In the letter the MPs call for the scientific guidance behind the changes to be made public, adding: "More communication and greater transparency can only strengthen the vaccination programme by providing greater public confidence."
Public Health England (PHE) recently clarified its guidance on second doses of the vaccine, saying that experts did "not recommend mixing" the jabs, but on the "extremely rare occasions" where the same vaccine is unavailable or it is unknown which jab the patient received, it is "better to give a second dose of another vaccine than not at all".
The UK has moved to accelerate its vaccination rollout, amid a rise in coronavirus cases driven by a new Covid variant, by giving both parts of the Oxford and Pfizer vaccines 12 weeks apart, having initially planned to leave 21 days between the Pfizer jabs.

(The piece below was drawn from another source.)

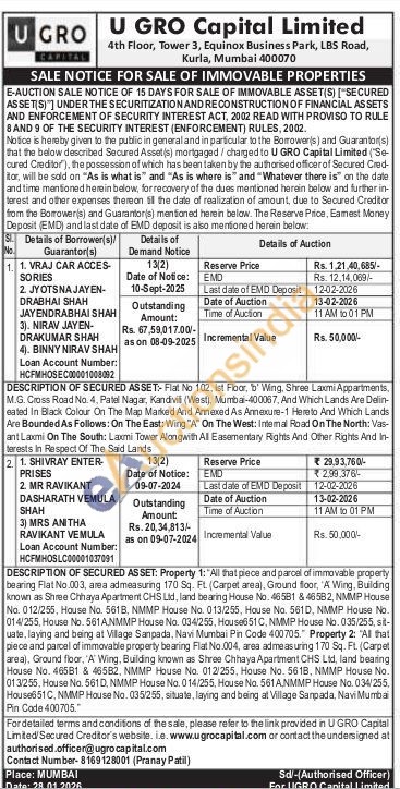 DESCRIPTION OF SECURED ASSET: Property 1: "All that piece and parcel of immovable property bearing Flat No.003, area admeasuring 170 Sq. Ft. (Carpet area), Ground floor, 'A Wing, Building known as Shree Chhaya Apartment CHS Lid, land bearing House No. 46581 & 46582, NMMP House No. 012/255, House No. 561B, NMMP House No. 013/255, House No. 561D, NMMP House No. 014/255, House No. 561A,NMMP House No. 034/255, House651C, NMMP House No. 035/255, sit-uate, laying and being at Village Sanpada, Navi Mumbai Pin Code 400705. Property 2: "All that piece and parcel of immovable property bearing Flat No.004, area admeasuring 170 Sq. FL (Carpet area), Ground floor, 'A' Wing, Building known as Shree Chhaya Apartment CHS Ltd, land bearing Hause No. 465B1 & 465B2, NMMP House No. 012/255, House No. 561B, NMMP House No. 013/255, House No. 561D, NMMP House No. 014/255, House No. 561A,NMMP House No. 034/255, House651 C. NMMP House No. 035/255, situate, laying and being at Village Sampada, Navi Mumbai Pin Code 400705."
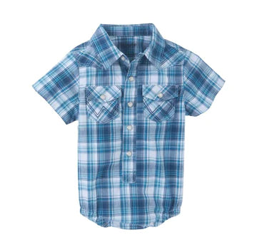 Baby Boy Wrangler Short Sleeve Western Snap Onesie - MIXED BLUE PLAID

Has the UK vaccinated more than the rest of Europe?
Boris Johnson told BBC One's Andrew Marr Show that "in vaccinating 1m people" in the UK, "already we exceed the whole of the rest of Europe put together".

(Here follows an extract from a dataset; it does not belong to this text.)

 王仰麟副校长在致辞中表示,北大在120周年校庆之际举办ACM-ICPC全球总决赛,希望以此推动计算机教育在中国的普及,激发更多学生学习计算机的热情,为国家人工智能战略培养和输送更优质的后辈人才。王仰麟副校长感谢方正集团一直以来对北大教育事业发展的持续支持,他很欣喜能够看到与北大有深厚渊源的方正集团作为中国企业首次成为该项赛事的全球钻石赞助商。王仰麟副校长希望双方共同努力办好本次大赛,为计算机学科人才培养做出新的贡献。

As of 27 December, 944,539 people in the UK had received the first dose of the Covid-19 vaccine produced by Pfizer and BioNTech.
The latest data from 19 of the EU's 27 member states, including Germany, France and Italy, shows 423,303 vaccinations have been carried out so far.
As each EU member state publishes its own statistics, some of this data goes up to early January but some only to late December.
Germany is leading the EU, having vaccinated 188,553 people as of 1 January. Meanwhile, France had only vaccinated 432 citizens by 31 December and the Netherlands won't begin vaccinations till 8 January.
The UK started vaccinating citizens with the Pfizer jab on 8 December, the EU rollout began on 27 December.
The UK's chief medical officers have defended the delay to second doses, saying getting more people vaccinated with the first jab "is much more preferable".
Writing in the Mail on Sunday, external, deputy chief medical officer Prof Jonathan Van-Tam said the new dosing regimen will "save the most lives and avoid the most hospital admissions".
He said: "If a family has two elderly grandparents and there are two vaccines available, it is better to give both 89% protection than to give one 95% protection with two quick doses, and the other grandparent no protection at all.
"The virus is unfortunately spreading fast, and this is a race against time.
"My mum, as well as you or your older loved ones, may be affected by this decision, but it is still the right thing to do for the nation as a whole."
Dr Nikki Kanani, NHS medical director for primary care and the government's GP lead on vaccination, also defended delaying giving people the second dose, saying that giving a first jab to as many people as possible would prevent serious illness, hospitalisation and death.
She told the BBC that the evidence from the UK's chief medical officers, external had been "really clear [that] this is the right thing to do, right now".
She said that "over a million" people had been vaccinated before the end of last year, before warning those who have had the jab that it would take a "really long time to get to the position when you can go back to normality", urging them to remember the roll-out was a "marathon, not a sprint".